Any guidance or help would be appreciated :) Thanks!
 
  • Scholiast

    Senior Member
    salvete!

    I have searched in google...
    Oh dear! Don't! It is dire for Latin.

    With all respect to Agró, I'm not 100% sure. vis in the singular tends to mean "force" or even "violence". The required sense of "strength" is normally conveyed by the plural vires. And while fortitudo is a perfectly fine and classical word, a ready alternative is virtus (literally, "manliness", but Roman culture and thought was quite "sexist").

    Moreover, like the derived Romance languages, Latin likes pungent alliteration for rhetorical effect. My suggestion here therefore is vires et [or ac] virtus. It would also be suitable for the OP's purposes, namely a motto, to make these ablative, in other words "through strength and courage": this would be viribus et virtute. And for epigrammatic brevity et could be left out.

    Σ
     

    Gorojh

    New Member
    Spanish - Mexico
    Thank you kindly to both of you, Agro and Scholiast! This is wonderful. I do like the sound of Vires et Virtus, and, although I do not know Latin, I can understand and like the reasoning behind it :) I will try not to use Google Translate in the future. At the time, it was the only resource that I had before finding this great forum. Thank you for your generosity. I might come back to try to learn some Latin :) Best. G.
     

    LW82

    New Member
    Portuguese
    salvete!



    Oh dear! Don't! It is dire for Latin.
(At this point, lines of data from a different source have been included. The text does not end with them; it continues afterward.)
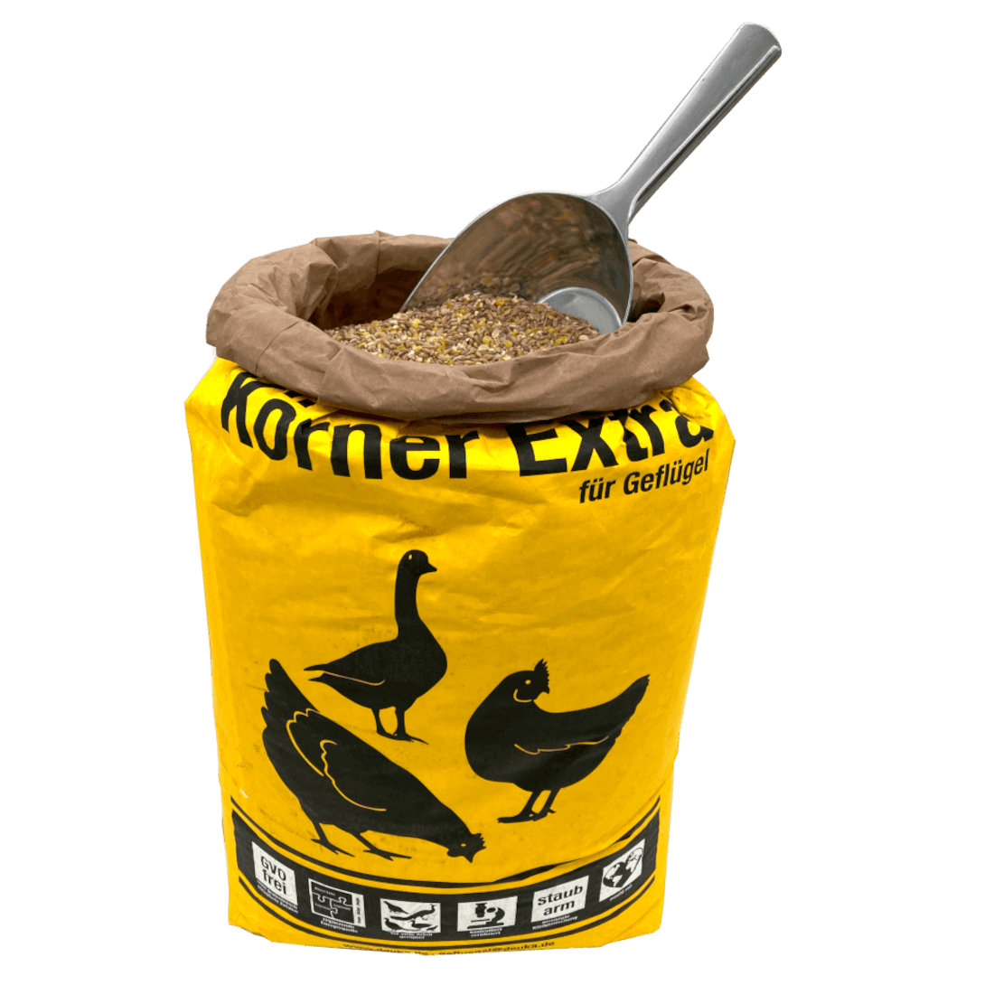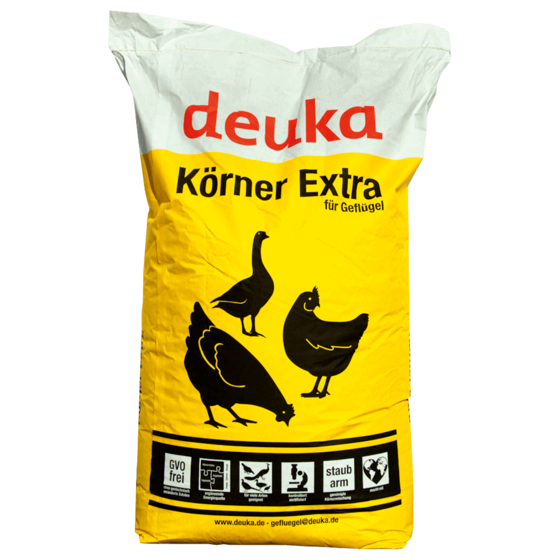 Deuka Körner Extra Körnerfutter für Legehennen ist ein Ergänzungsfuttermittel für Geflügel bestehend aus Weizen, gebrochenem Mais, Gerste und Muschelschrot. Das Körnerfutter wird während der Legeperiode bestenfalls im Verhältnis 1:2 mit Deuka Legemehl gemischt und verfüttert.
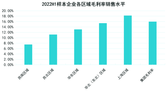 最新數(shù)據(jù)顯示,2022上半年61家樣本企業(yè)平均毛利率水平為15.96%,若剝離其中的“商業(yè)”、“園區(qū)”等板塊收入,毛利率水平甚至低于14%。其中,杭州區(qū)域(圖中上海區(qū)域)的綜合毛利率明顯高于均值,因此“深耕”該區(qū)域的企業(yè)毛利率水平更有機(jī)會(huì)處于行業(yè)平均水平之上(例如,濱江集團(tuán)毛利率19.46%)。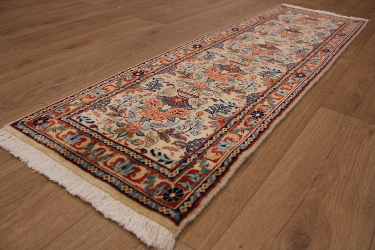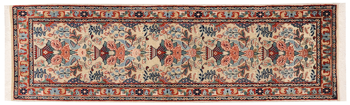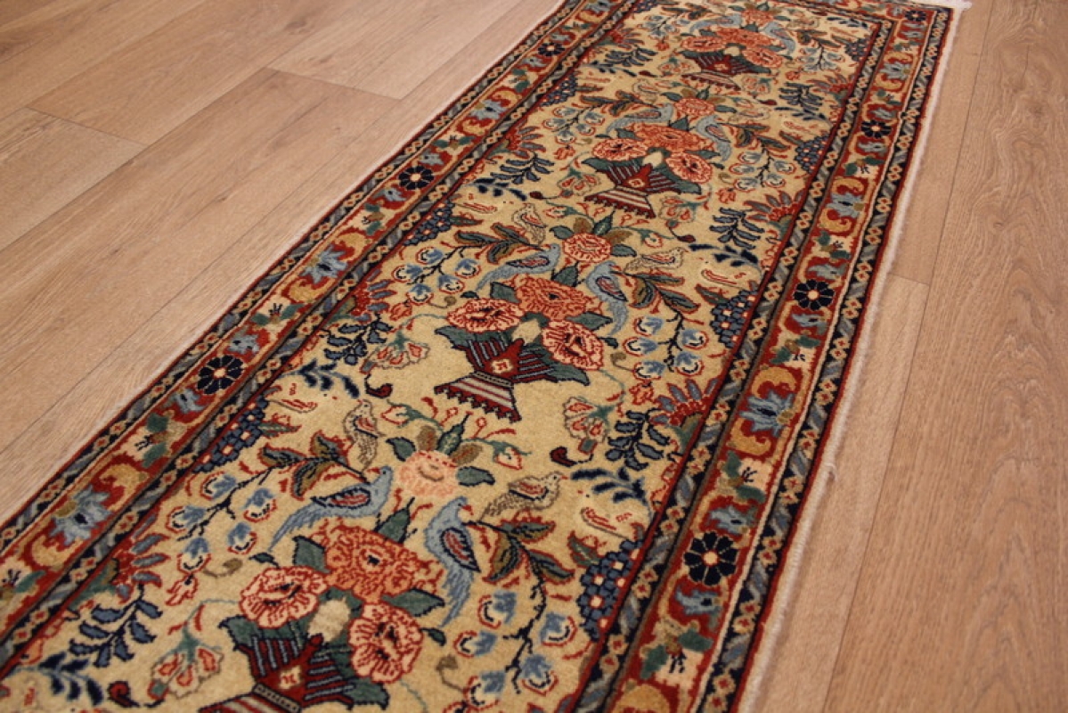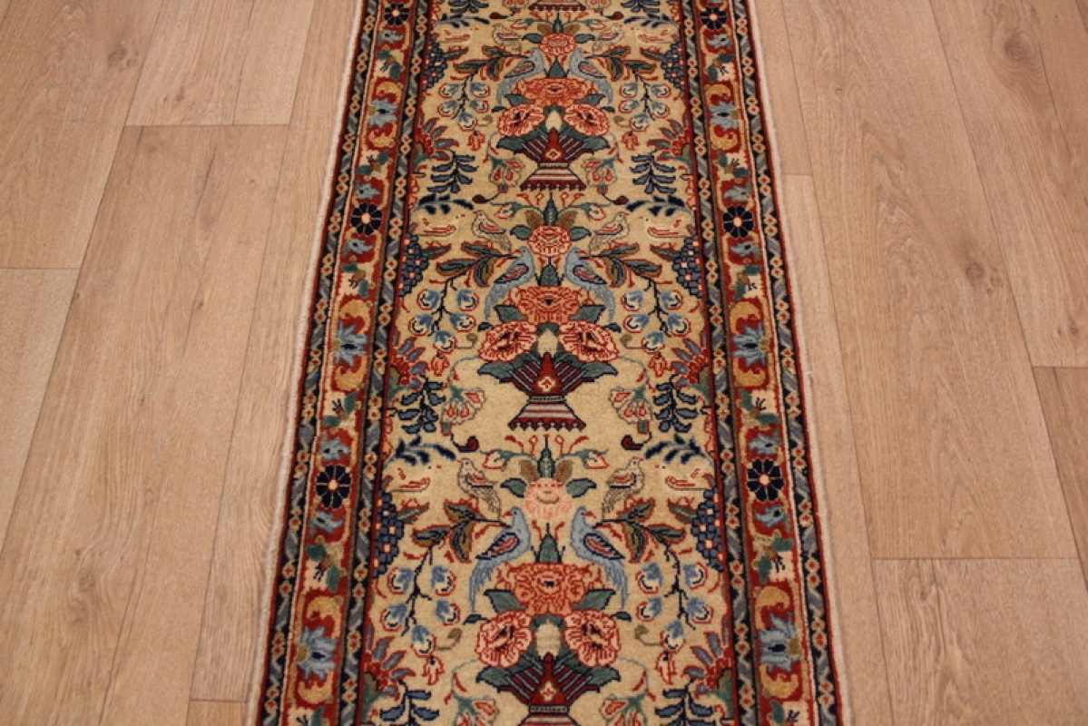 Waraminteppiche sind einer der qualitativ feinsten Teppiche überhaupt. Diese haben etwa 500.000 Knoten per Quadratmeter und haben ihr eigenes spezielles Design mit sehr vielen Vögelabbildungen und Paradiesmuster.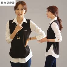 2016春秋装新假两件衬衣t恤 韩版大码女装长袖拼接修身显瘦OL上衣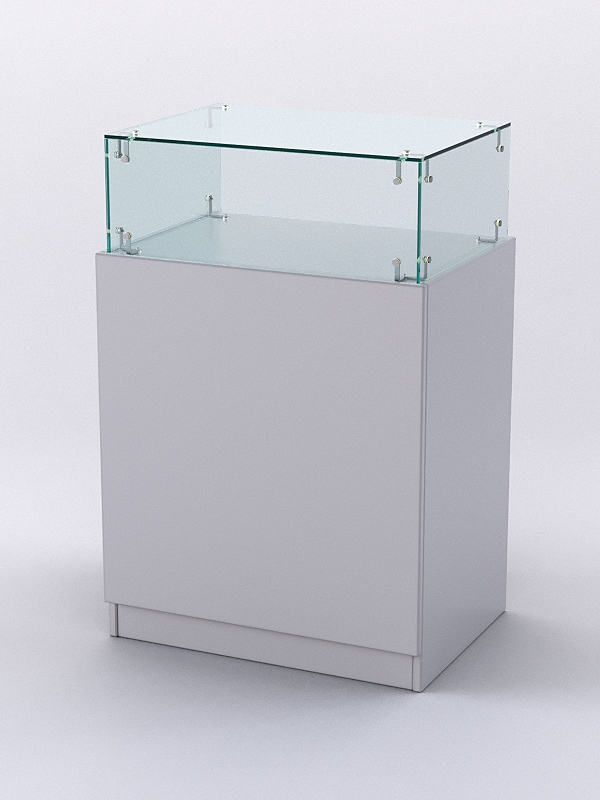 Каркас прилавка выполнен из ЛДСП. Корпус витрины — стеклянный.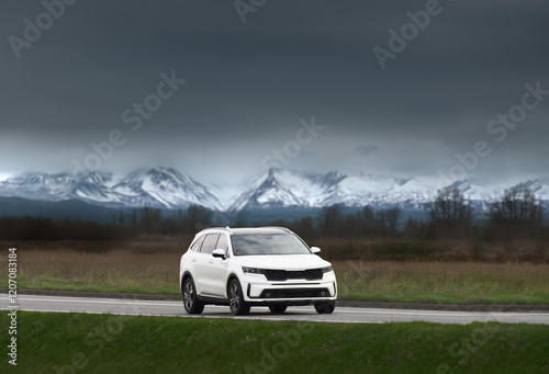© AlexGo, Fototapeta premium White modern car. Truck with up-to-date safety features.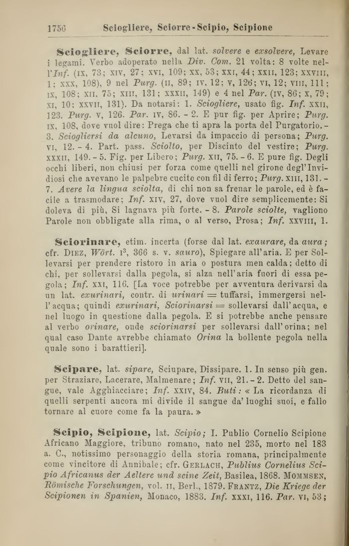 Sciorinare, etim. incerta (forse dal lat. exaurare, da aura ; cfr. Diez, Wòrt. i3, 366 s. v. sauro), Spiegare all'aria. E per Sollevarsi per prendere ristoro in aria o postura men calda ; detto di chi, per sollevarsi dalla pegola, si alza nell'aria fuori di essa pegola; Inf. xxi, 116. [La voce potrebbe per avventura derivarsi da un lat. exurinari, contr. di urinari — tuffarsi, immergersi nel-1'acqua; quindi exurinari, Sciorinarsi — sollevarsi dall'acqua, e nel luogo in questione dalla pegola. E si potrebbe anche pensare al verbo orinare, oude sciorinarsi per sollevarsi dall'orina; nel qual caso Dante avrebbe chiamato Orina la bollente pegola nella quale sono i barattieri].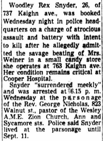 HELD IN THREAT AS WOMAN FAINTS Landlord, Seeking Rent, Denies He Intended to Shoot Tenant Residents along the 900 block on Howard Street were thrown into a turmoil at 9:15 a.m. yesterday by a reported shooting, after a woman, screaming for help, ran from her home and fainted on the street. The police arrested Charles Bensley, 73, of 936 Howard Street, charged with threatening to kill Mrs. Anna Morgan, 55, of 934 Howard Street, and carrying concealed deadly weapons. A few minutes later Police Judge Pancoast held Bensley without bail for the grand jury. He admitted having the pistol at the hearing, but. had denied possession of the weapon when first arrested. "Were you going to shoot her?" the court asked. "No,“ Bensley replied, "I don't know what made me do this, I think I'm half-crazy. I own the house and wanted to collect the rent or make her move." When Motorcycle Patrolmen Russell Young and George Getley arrived in front of Bensley's home, 100 neighbors were crowding the street outside. Bensley, they said, eluded them and ran out the front door after pretending to make for the back. He was grabbed by August Hasher, 41, of 217 Erie street, a bystander. Meanwhile, a motorist had taken the unconscious Mrs. Morgan to Cooper Hospital when she fainted in front of. her home. She was questioned at the hospital by Detectives Clifford Del Rossi and George Zeitz. The detectives quoted Mrs. Morgan all saying that Bensley, who owns the house in which she lives, came into her home this morning to talk about rent which was two months overdue. "He asked me," she said, "if I had received a court notice to move, and I said I had, but was waiting for an eviction notice. "Then he said, 'Well, I'm going to take the law in my own hands', and with that he pulled out a pistol and began brandishing it. I ran out the front door calling for help and then I fainted. That‘s all I remember." Bensley admitted asking Mrs. Morgan to move out. The police found a 38-caliber revolver and a box of bullets hidden behind a rafter in the cellar of his home, they said. |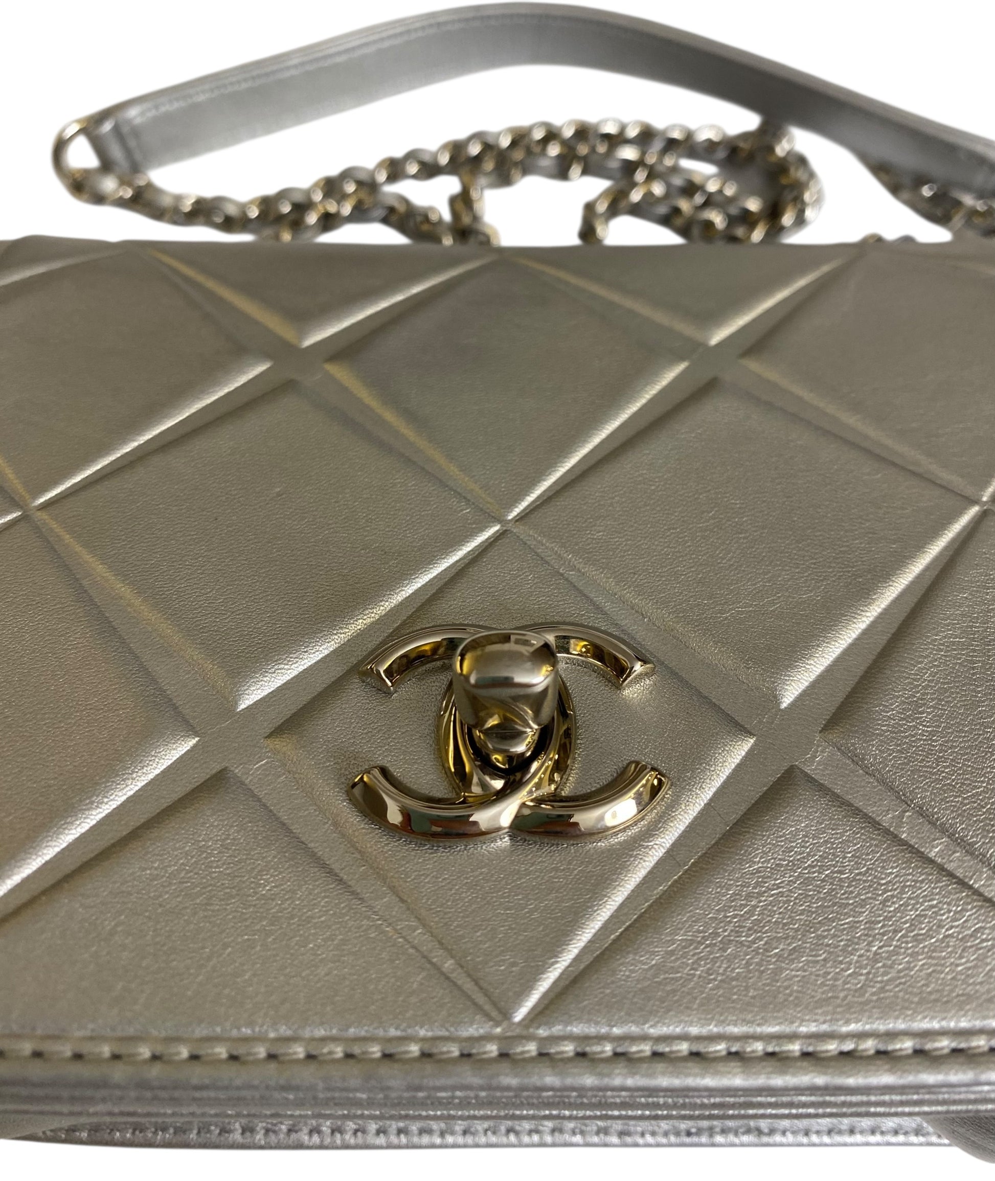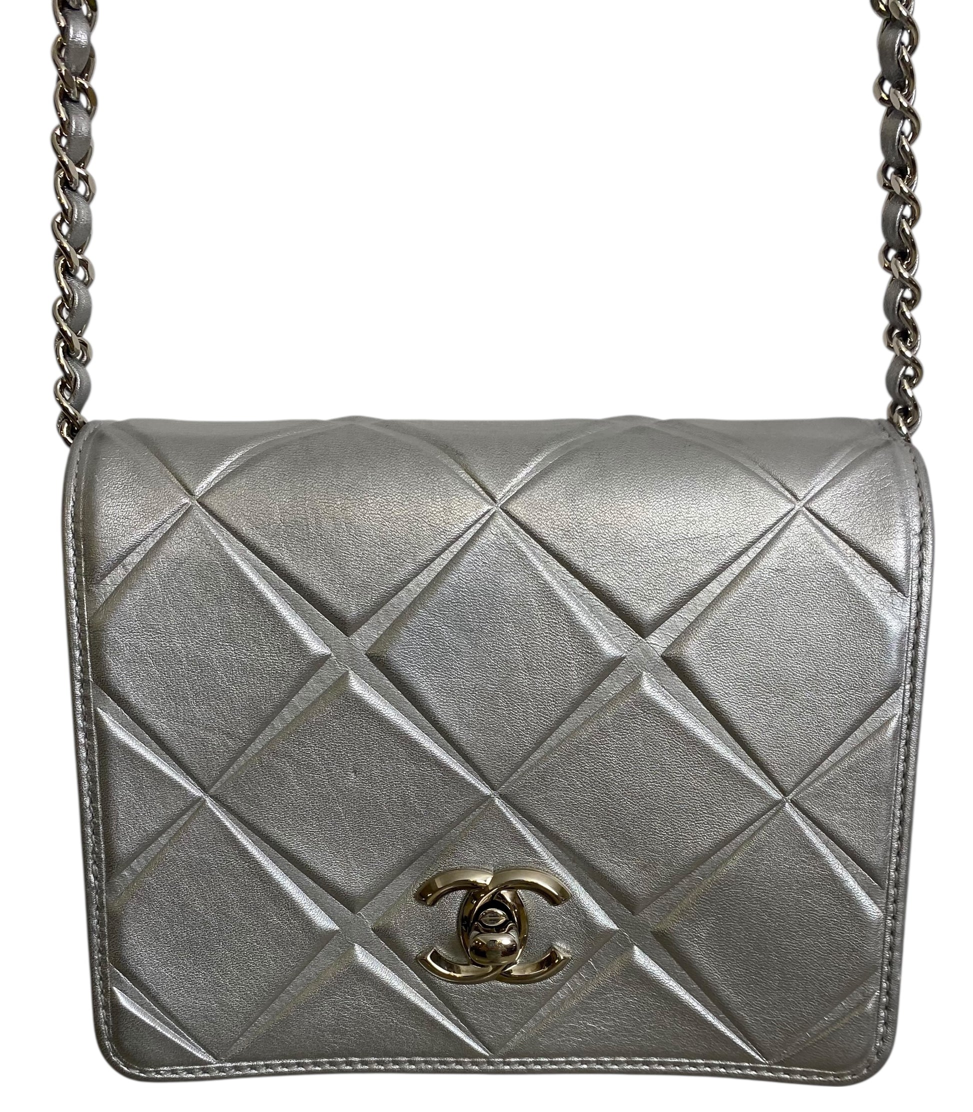 Chanel Airlines 16P Mini Propellor Metallic Calfskin Silver Flap Bag
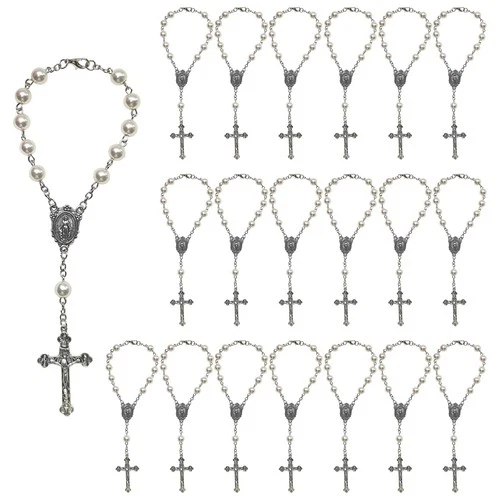 20pcs Christening Rosary Rosary Bracelet Cross Gift Baptism White 8mm...

    With all respect to Agró, I'm not 100% sure. vis in the singular tends to mean "force" or even "violence". The required sense of "strength" is normally conveyed by the plural vires. And while fortitudo is a perfectly fine and classical word, a ready alternative is virtus (literally, "manliness", but Roman culture and thought was quite "sexist").

    Moreover, like the derived Romance languages, Latin likes pungent alliteration for rhetorical effect. My suggestion here therefore is vires et [or ac] virtus. It would also be suitable for the OP's purposes, namely a motto, to make these ablative, in other words "through strength and courage": this would be viribus et virtute. And for epigrammatic brevity et could be left out.

    Σ
    Hallo, could you help me with the translation please?